Here's What Jamie Dimon Is Really Worried About

Jamie Dimon
Jamie Dimon

Jamie Dimon’s confrontation with Ben Bernanke was notable because we rarely see corporate chiefs so publicly confront their primary regulators.

JP Morgan Chase Chief Dimon can have a meeting with Federal Reserve Chair Bernanke any time he wants. There’s no need to take the microphone at a public Q&A to question regulatory reforms.

The confrontation is being interpreted in two contradictory ways. On the one hand, some say it is a sign that Bernanke has lost the confidence of the country’s top bankers—something that could be a serious impediment to effective monetary policy. If Bernanke cannot command the support of bankers, he may be at the end of his tenure as an effective central banker.

On the other hand, some say that Dimon more or less threw a fit, lashing out publicly because he has lost an important argument behind closed doors. In other words, rather than showing Bernanke's weakness, the confrontation was a sign of Dimon's weakness.

In either case, it seems that what provoked Dimon were recent signals from a Fed governor that the largest banks might face an additional capital surcharge, above and beyond the new capital and liquidity requirements agreed to last year in Basel.

At Basel, regulators agreed to more than double the minimum common equity requirement for banks to 4.5 percent from 2 percent, with an added liquidity buffer of 2.5 percent.
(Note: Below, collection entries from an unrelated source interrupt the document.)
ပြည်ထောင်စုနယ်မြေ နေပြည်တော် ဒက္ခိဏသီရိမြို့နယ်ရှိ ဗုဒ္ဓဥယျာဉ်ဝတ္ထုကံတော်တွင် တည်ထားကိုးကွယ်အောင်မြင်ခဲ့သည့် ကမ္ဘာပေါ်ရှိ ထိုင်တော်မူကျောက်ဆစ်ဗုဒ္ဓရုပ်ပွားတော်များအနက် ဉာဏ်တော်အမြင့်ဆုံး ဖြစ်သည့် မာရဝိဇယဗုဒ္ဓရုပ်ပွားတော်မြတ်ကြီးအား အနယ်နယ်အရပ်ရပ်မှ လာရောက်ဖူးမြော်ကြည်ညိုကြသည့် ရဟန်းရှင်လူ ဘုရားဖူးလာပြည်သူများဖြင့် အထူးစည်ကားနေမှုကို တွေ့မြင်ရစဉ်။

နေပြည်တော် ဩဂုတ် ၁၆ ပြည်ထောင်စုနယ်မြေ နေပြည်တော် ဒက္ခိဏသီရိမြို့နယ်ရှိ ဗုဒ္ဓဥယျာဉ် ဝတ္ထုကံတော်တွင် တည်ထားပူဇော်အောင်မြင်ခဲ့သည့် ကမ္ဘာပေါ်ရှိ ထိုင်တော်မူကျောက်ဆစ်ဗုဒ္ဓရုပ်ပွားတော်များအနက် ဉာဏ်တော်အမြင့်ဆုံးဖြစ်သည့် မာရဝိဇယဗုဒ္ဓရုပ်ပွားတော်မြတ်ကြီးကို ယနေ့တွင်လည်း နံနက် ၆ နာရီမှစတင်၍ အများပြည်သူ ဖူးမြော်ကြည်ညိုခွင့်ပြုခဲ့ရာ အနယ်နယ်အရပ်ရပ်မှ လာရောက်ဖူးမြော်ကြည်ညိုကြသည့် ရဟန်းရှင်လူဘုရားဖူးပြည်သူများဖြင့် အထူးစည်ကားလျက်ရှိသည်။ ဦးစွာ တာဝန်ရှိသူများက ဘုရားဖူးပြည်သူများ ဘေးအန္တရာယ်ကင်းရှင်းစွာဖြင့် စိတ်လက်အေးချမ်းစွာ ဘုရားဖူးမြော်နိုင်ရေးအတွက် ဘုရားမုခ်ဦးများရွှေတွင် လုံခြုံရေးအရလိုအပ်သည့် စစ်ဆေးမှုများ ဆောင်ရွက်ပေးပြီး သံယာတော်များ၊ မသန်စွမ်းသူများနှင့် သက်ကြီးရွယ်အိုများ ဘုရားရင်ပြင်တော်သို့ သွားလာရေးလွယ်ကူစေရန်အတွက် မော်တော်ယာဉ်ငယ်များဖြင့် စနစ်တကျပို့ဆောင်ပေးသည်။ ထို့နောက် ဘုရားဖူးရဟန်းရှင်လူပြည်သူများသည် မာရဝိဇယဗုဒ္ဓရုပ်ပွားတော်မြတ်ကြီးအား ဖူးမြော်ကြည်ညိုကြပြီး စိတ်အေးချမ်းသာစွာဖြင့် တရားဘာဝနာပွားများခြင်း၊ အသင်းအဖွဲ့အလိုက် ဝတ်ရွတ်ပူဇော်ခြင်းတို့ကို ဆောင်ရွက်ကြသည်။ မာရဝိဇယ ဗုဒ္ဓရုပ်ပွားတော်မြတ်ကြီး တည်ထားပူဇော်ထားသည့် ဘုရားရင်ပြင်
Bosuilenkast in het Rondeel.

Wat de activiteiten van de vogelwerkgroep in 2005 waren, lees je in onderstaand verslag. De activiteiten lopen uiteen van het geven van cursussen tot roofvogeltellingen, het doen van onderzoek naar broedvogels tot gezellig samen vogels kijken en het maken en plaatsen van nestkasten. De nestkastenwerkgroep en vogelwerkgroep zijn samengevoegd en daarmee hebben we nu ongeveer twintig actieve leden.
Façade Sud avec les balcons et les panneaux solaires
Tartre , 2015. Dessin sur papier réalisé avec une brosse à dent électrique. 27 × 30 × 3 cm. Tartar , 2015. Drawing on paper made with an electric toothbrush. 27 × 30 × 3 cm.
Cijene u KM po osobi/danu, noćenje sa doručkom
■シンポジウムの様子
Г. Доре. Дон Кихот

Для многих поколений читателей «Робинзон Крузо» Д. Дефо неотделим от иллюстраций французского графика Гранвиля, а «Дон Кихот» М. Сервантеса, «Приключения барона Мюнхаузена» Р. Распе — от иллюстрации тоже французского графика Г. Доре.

That means banks will have to have total risk reserves of 7% of weighted assets. Regulators did not reach a consensus on proposals for an additional buffer—or "surcharge"— for "systemically important financial institutions"—which is regulator speak for Too Big To Fail.

Many of the largest European and American banks have been lobbying hard against the new surcharge, but these efforts appear to be failing.
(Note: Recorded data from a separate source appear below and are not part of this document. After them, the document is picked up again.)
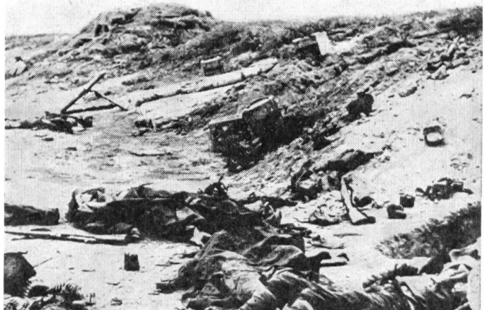
Die Höhe 534 in den Karpaten. Schauplatz der erbittertesten Kämpfe des Ersten tschechoslowakischen Korps

nützen verstand. Schliesslich wurden seine Bemühungen auch von unseren wesentlichsten politischen Repräsentanten unterstützt, die mit Gottwald an der Spitze eine Woche lang bei uns zu Besuch weilten.»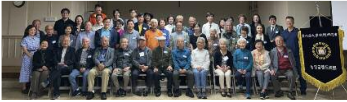
튜턴의 성 앙투앙 다블뤼 한인천주교에서 열린 2023년 서울대 동창회에 참석한 뉴잉글랜드 동문들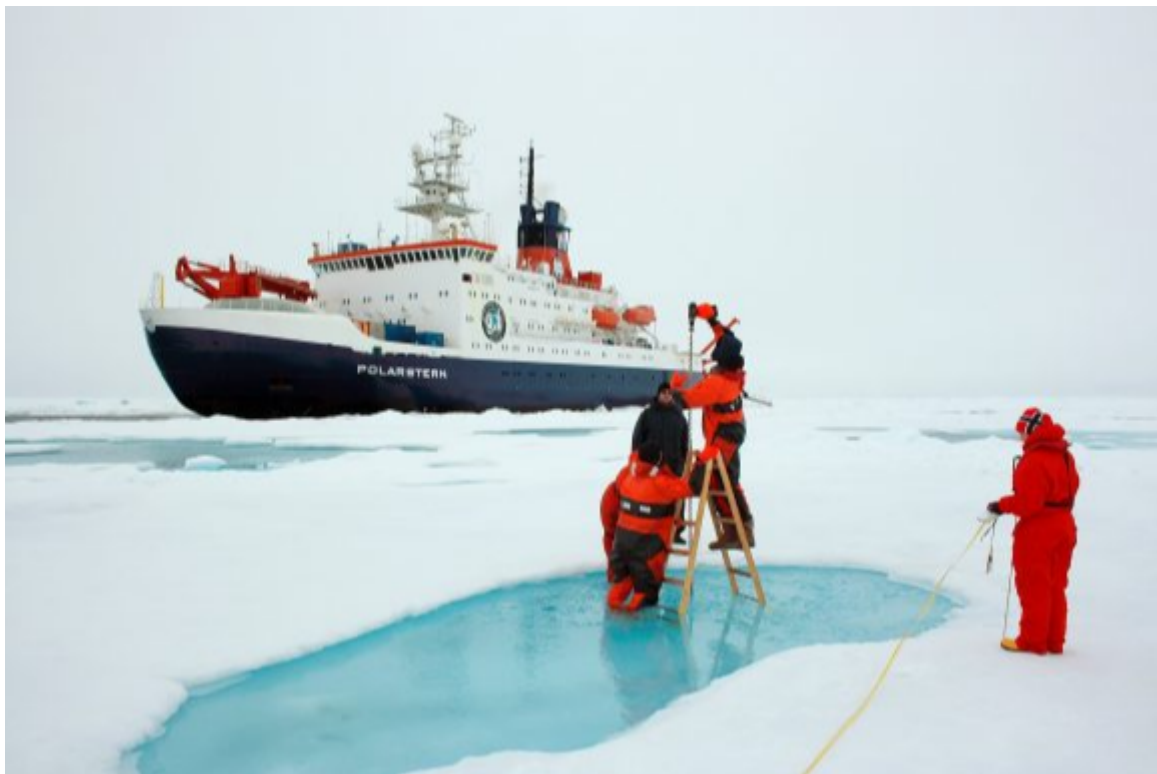
Exploraciones marinas en el Ártico.

A raíz del conflicto entre Rusia y Ucrania y la crisis energética en Europa, sale nuevamente a relucir un tema que se ha manejado con recelo durante algún tiempo entre los analistas de política internacional: una posible confrontación en (por) la región del Ártico; una zona que esconde valiosos recursos energéticos bajo sus heladas aguas y desde donde se miran frente a frente algunas de las naciones más poderosas del planeta.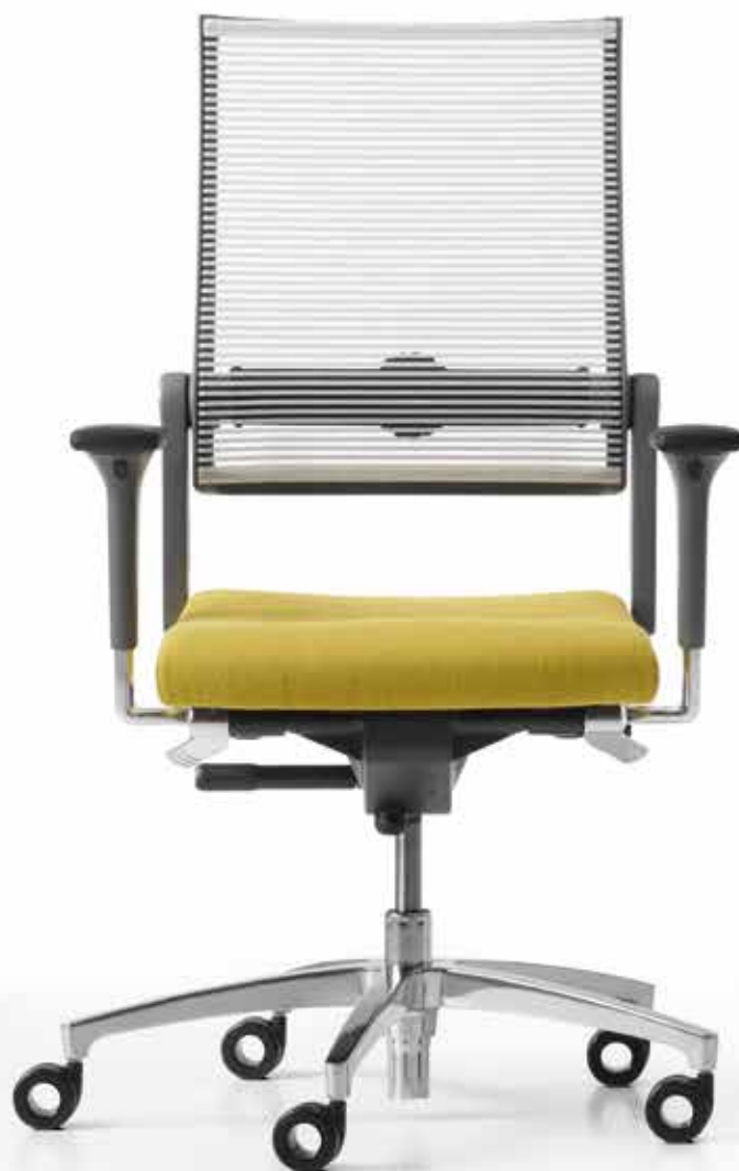
SD LO 3010 + Armlehnen | Armrests A441APO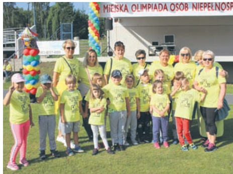
W olimpiadzie wzięli udział podopieczni rudzkich ośrodków.

Niepełnosprawni mogli wziąć udział w kilkunastu konkurencjach m.in.: pchnięciu kulą, skoku w dal z miejsca, rzutach do kosza, minihokeju, rzutach obręczami do celu, rzutach piłką lekarską oraz w biegu z przeszkodami. Nie zabrakło też wielu wspólnych zabaw. – Celem tej imprezy jest upowszechnienie sportu i podnoszenie sprawności fizycznej wśród osób niepełnosprawnych oraz umożliwienie im udziału

In a speech last week, Fed Governor Daniel Tarullo said additional capital requirements are needed to prevent systemwide financial instability that could be caused by the failure of one of the world’s biggest or most interconnected banks. Tarullo, who is the Fed's point man on bank regulation reform, said the Fed was considering capital requirements that could amount to between 20 percent to more than 100 percent over the Basel III requirements.
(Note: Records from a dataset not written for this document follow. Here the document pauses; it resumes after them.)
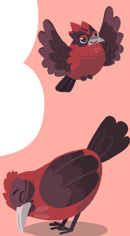
BRASITA DE FUEGO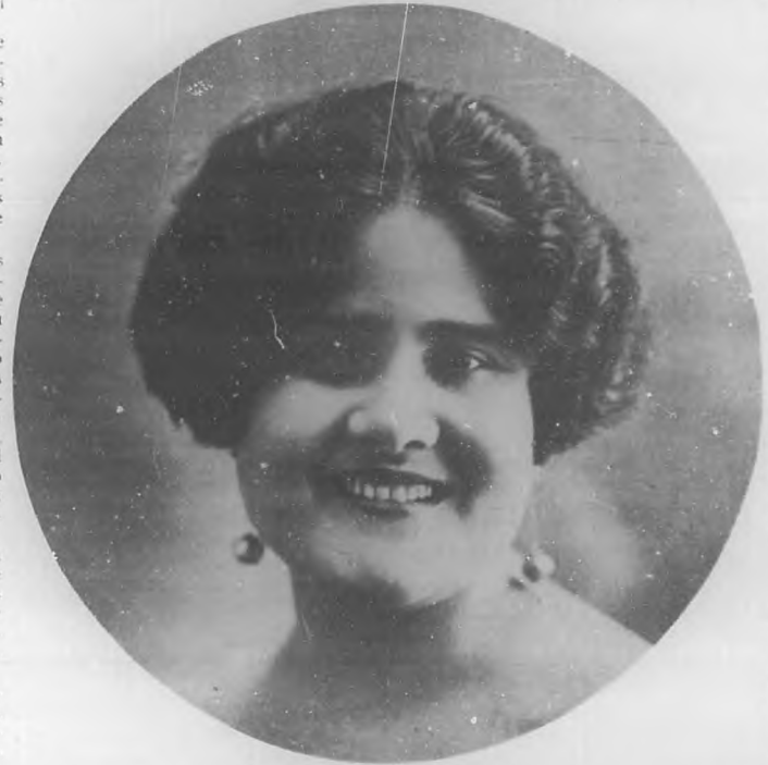
Gentil y notable soprano cubana, que próximamente ofrecerá un concierto vocal patrocinado por elementos muy distinguidos de la sociedad habanera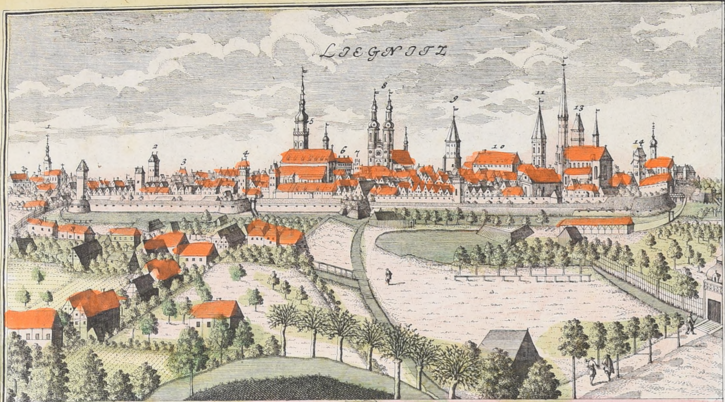
1. Franciscaner Kirche 2. S. S. Peter u. Paul Pfarr. Kirche 3. Kugelf. Ritter. Academie 4. Klagische Thor 5. Die Pforte 6. S. S. Peter u. Paul Pfarr. Kirche 7. Rath Haus 8. Jesuiten zu S. Johann 9. S. Michaels Thurm am Schloß 10. Fürstl. Schloß 11. S. Peters Thurm am Schloß 12. S. Johann Nepomuc. Kirche 13. Frauen Kirche 14. Breslauer Thor 15. Frauen Closter ad S. 16. Das obere Thor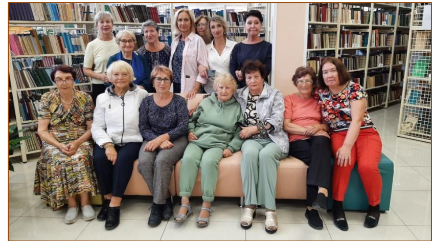
Встреча коллектива БИЦ с ветеранами библиотеки

Два года назад в БИЦ провели оптимизацию кадров. Мы лишились ряда подразделений и должностей. Сегодня в БИЦ два подразделения: отдел обслуживания и отдел формирования библиотечно-информационных ресурсов. Недавно мы вышли с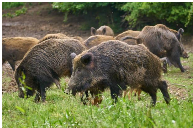
Imagen representativa de la especie involucrada.

El 23 de marzo de 2026, el Servicio Alimentario y Veterinario (PVD) de Letonia publicó la actualización del reporte de casos de Peste Porcina Africana (PPA) en jabalís.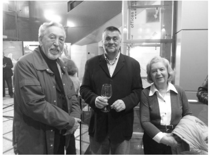
Rajko Grlić (u sredini) sa aktivistima HOJ-a

Posle projekcije filma „Neka ostane među nama“, savremeni hrvatski film, režiser Rajko Grlić je na pitanje gledalaca da li oseća jugonostalgiju odgovorio: „Nisa jugonostalgija, jer, ako ne govorimo o politici, za mene se ništa nije promenilo. Moja majka je za svog života živela u pet država, a uvek je pripadala istom mestu, Zagrebu... I ranije, dok smo živeli u jednoj Jugoslaviji, filmovi su snimani u raznim republikama i nosili su epitet republike odakle su poticali autori. Ono što je mnogo važnije jeste da je uvek postojala saradnja između filmskih radnika sa prostora bivše Jugoslavije, a postoji i danas, samo se ta koprodukcija drugačije zove“. Grlićev film, „Neka ostane među nama“, ne bavi se politikom, ali i to može biti određen politički stav. Film govori o bolje stojećoj srednjoj klasi u Zagrebu, a načinom na koji je prikazan, sa puno humora, dok se govori o najozbiljnijim porodičnim i međuljudskim problemima, osvojio je publiku, koja je toplim aplauzom pozdravila autora filma.

There’s a growing consensus the regulators will likely propose a uniform surcharge of 3 percent on the biggest banks. Another alternative would be to have a sliding scale surcharge that would grow with the size of the bank. Some have suggested a surcharge that could be moved counter-cyclically, requiring more capital in good times and allowing banks to operate with thinner capital when the economy needs more lending.

The Dodd-Frank law requires regulators to impose tougher capital requirements—but punts on the exact shape of those regulations.

Tarullo has said he favors the sliding scale version of the surcharge that would rise according to the "expected impact" of a bank's failure on the financial system.

Earlier this week, Dallas Fed President Richard Fisher said that the "top 10" banks in the U.S. should be subject to stricter requirements than smaller banks.

"Enhanced supervision can be implemented on a graduated scale, based on the extent of assets beyond $50 billion and possibly other factors," Fisher said. "Let us do that fully, then, applying these measures along a highly graduated scale, with only minimal added mandates directed at mid-tier banking organizations."

The views of Tarullo and Fisher obviously would impose disadvantages on banks that grow as large as JPMorgan Chase . This is probably no accident. In the past, Fisher has said that he favors breaking up the biggest banks.